** Opening Data shown block **
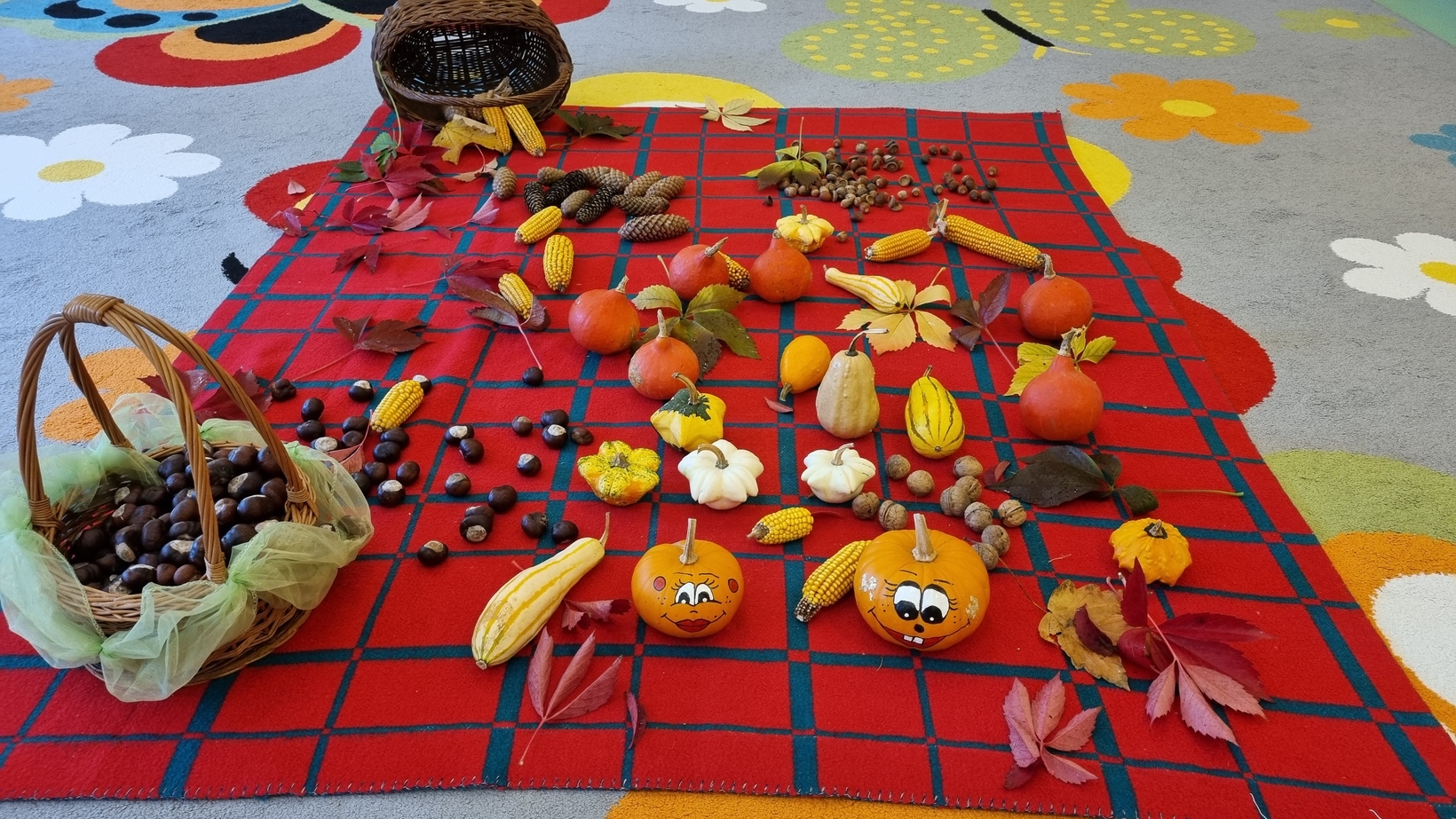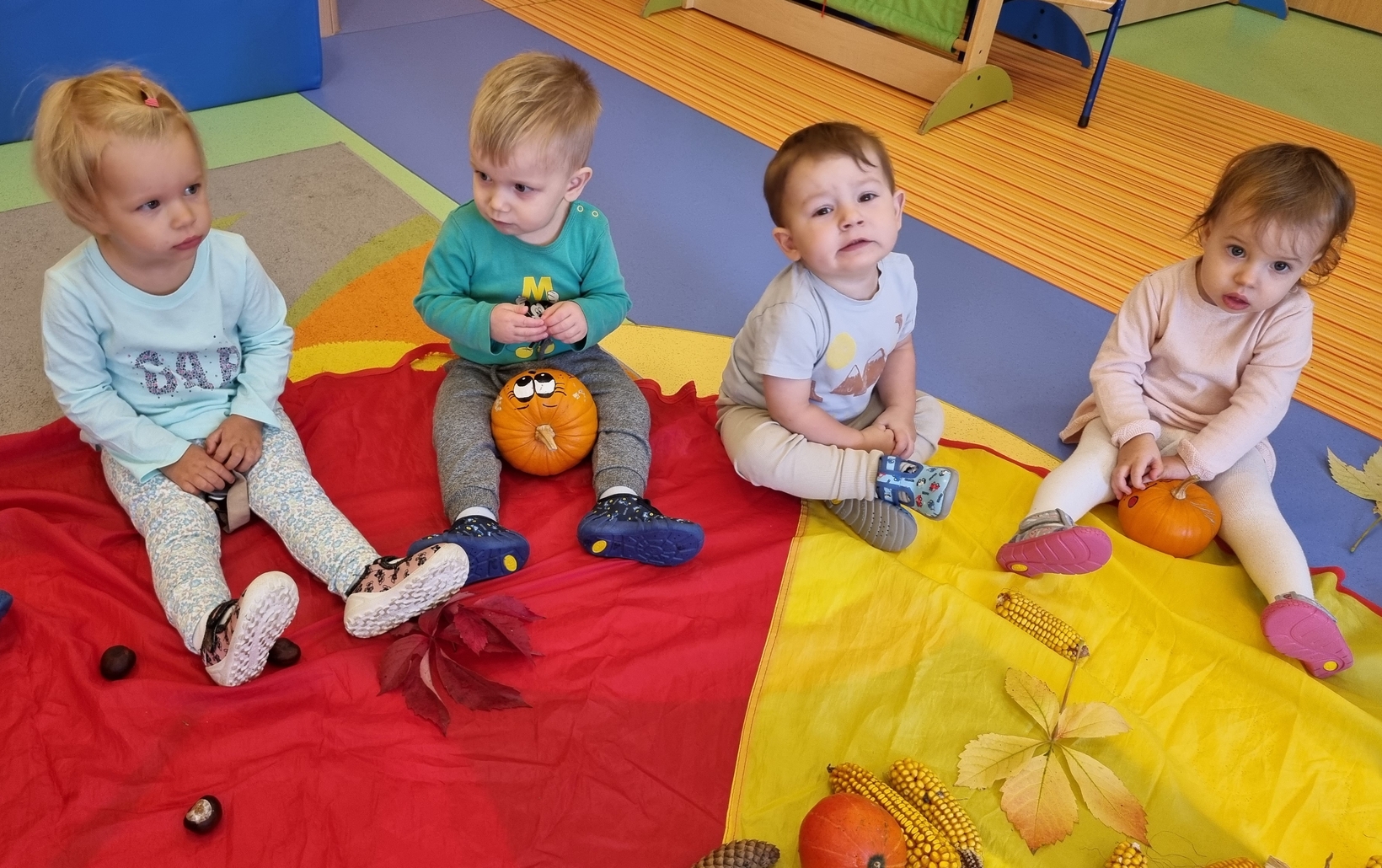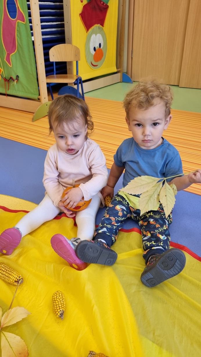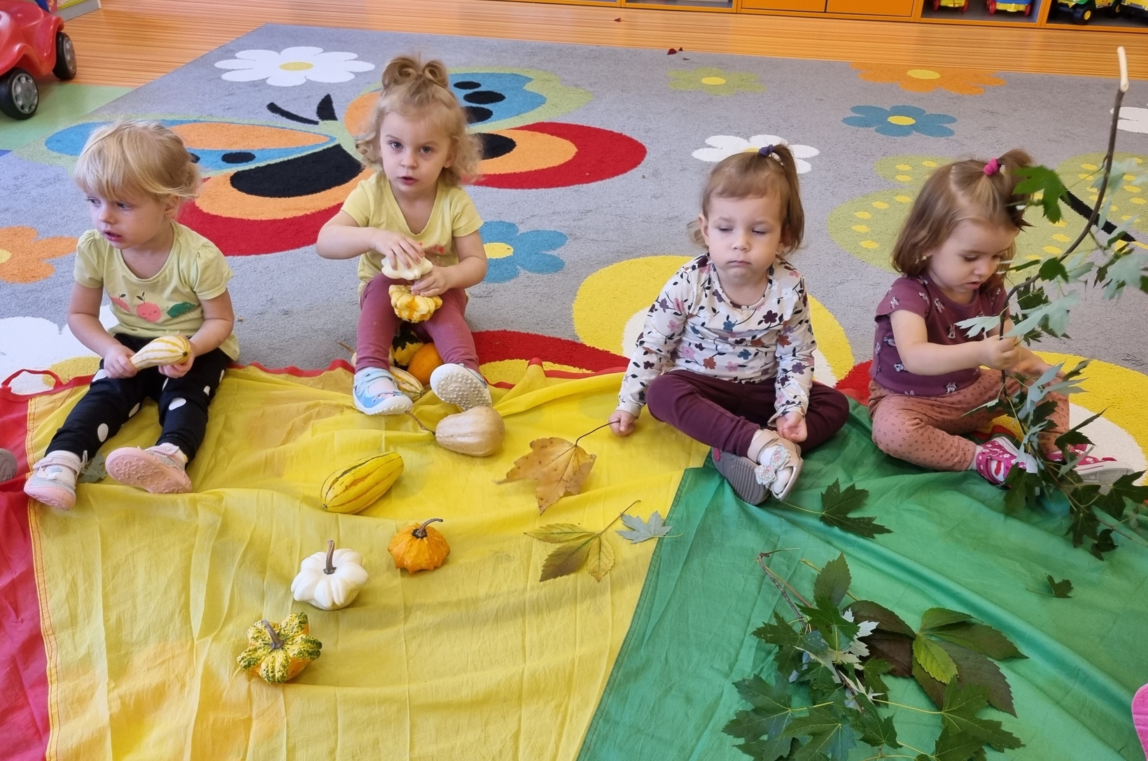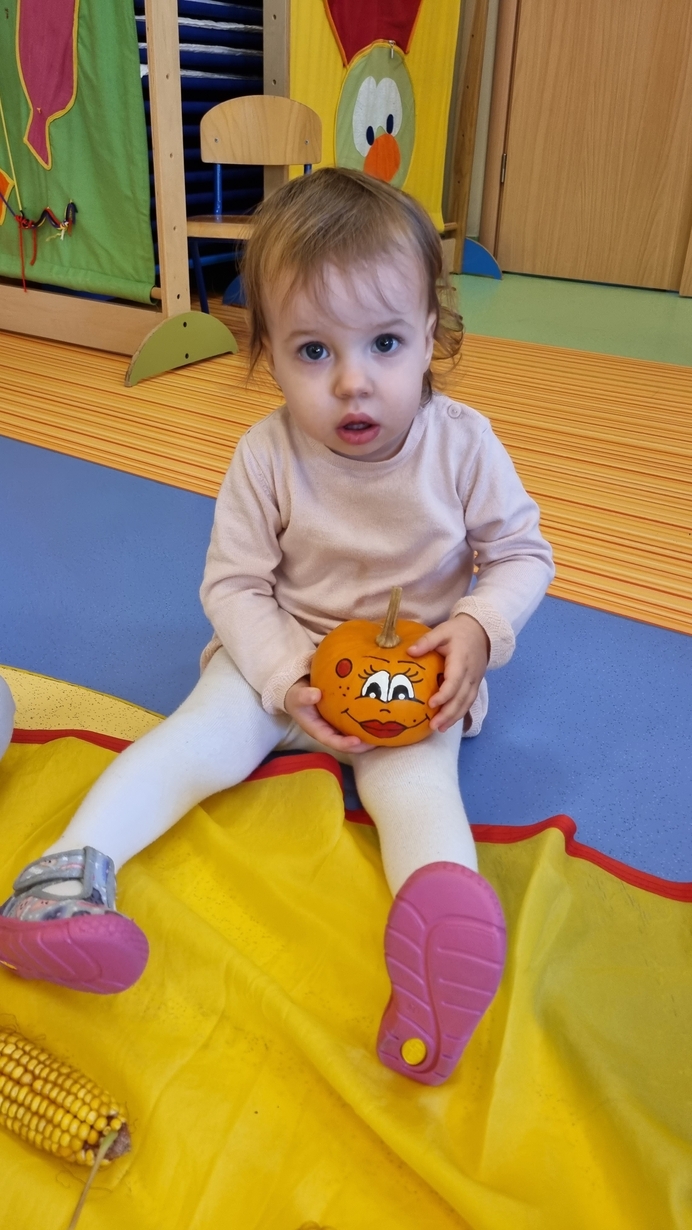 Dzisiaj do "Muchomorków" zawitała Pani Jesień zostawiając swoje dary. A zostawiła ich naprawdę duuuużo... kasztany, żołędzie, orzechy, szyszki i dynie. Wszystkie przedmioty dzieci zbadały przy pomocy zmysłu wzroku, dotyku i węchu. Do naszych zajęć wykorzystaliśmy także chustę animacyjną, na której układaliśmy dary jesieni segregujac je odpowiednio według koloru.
** Closing Data shown block **
** Opening Data shown block **
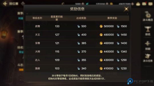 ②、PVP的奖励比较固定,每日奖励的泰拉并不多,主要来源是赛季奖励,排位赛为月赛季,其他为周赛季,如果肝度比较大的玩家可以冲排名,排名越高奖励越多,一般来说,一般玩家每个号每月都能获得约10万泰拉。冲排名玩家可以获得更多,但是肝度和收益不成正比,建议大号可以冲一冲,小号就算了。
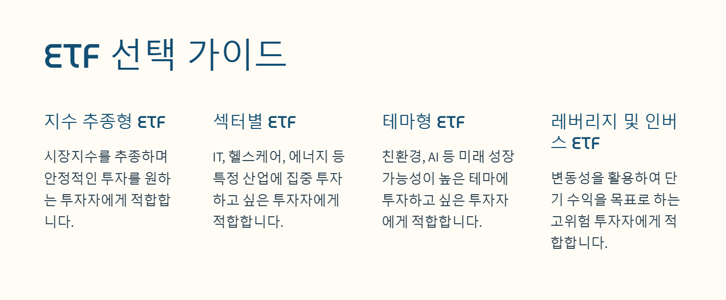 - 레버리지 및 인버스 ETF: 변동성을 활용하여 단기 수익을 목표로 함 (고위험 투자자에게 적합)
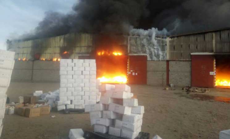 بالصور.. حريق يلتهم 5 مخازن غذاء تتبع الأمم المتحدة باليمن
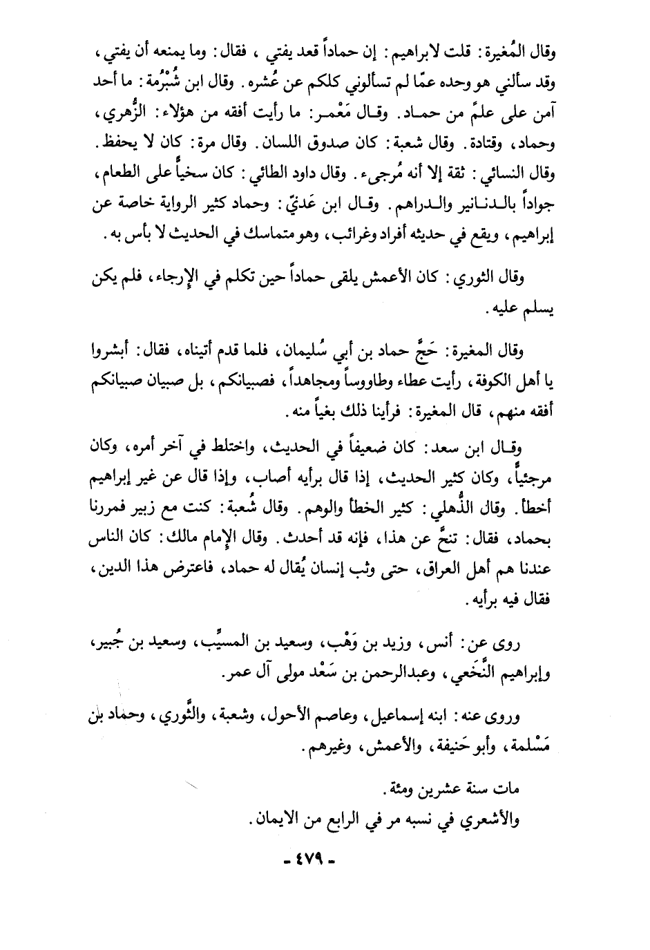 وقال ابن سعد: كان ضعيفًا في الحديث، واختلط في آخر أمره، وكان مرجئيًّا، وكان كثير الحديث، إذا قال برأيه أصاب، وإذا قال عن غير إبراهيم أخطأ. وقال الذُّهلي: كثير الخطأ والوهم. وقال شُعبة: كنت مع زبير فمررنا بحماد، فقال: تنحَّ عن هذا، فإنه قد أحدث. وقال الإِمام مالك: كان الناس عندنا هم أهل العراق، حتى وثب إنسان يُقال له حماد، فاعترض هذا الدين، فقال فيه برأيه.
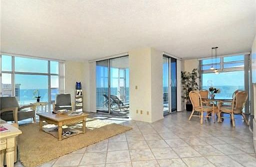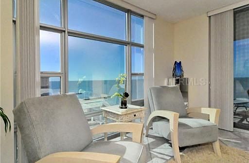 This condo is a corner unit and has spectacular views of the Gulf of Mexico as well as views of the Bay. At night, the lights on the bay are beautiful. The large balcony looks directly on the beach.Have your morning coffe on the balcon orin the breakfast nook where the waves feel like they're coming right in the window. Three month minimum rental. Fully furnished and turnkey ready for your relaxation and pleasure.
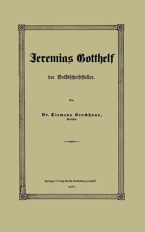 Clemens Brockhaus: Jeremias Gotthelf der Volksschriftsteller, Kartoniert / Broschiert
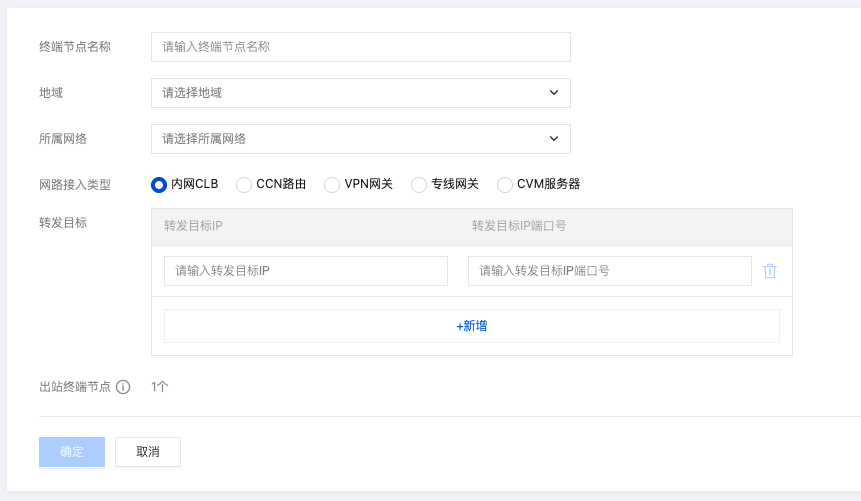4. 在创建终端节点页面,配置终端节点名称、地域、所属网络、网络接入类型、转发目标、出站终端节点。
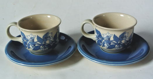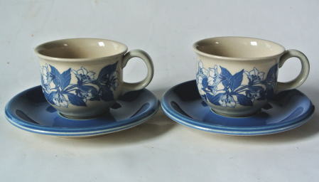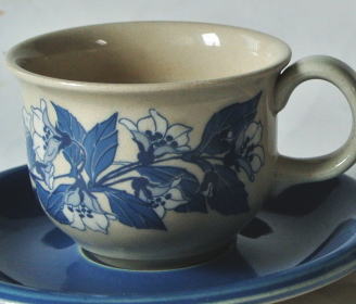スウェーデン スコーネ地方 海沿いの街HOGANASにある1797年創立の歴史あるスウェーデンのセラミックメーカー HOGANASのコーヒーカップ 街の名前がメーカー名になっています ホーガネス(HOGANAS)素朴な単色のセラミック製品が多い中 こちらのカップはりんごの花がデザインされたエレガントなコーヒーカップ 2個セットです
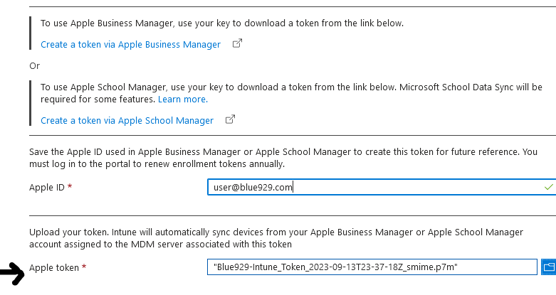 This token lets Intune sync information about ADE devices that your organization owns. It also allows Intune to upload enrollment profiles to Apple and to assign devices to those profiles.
** Closing Data shown block **
• Work request
Of the lines above, quote exactly those from the one with "This condo is" through the one with "4. 在创建终端节点页面,配", ends included; pictures stay out.

• Answer to the problem
 This condo is a corner unit and has spectacular views of the Gulf of Mexico as well as views of the Bay. At night, the lights on the bay are beautiful. The large balcony looks directly on the beach.Have your morning coffe on the balcon orin the breakfast nook where the waves feel like they're coming right in the window. Three month minimum rental. Fully furnished and turnkey ready for your relaxation and pleasure.
 Clemens Brockhaus: Jeremias Gotthelf der Volksschriftsteller, Kartoniert / Broschiert
4. 在创建终端节点页面,配置终端节点名称、地域、所属网络、网络接入类型、转发目标、出站终端节点。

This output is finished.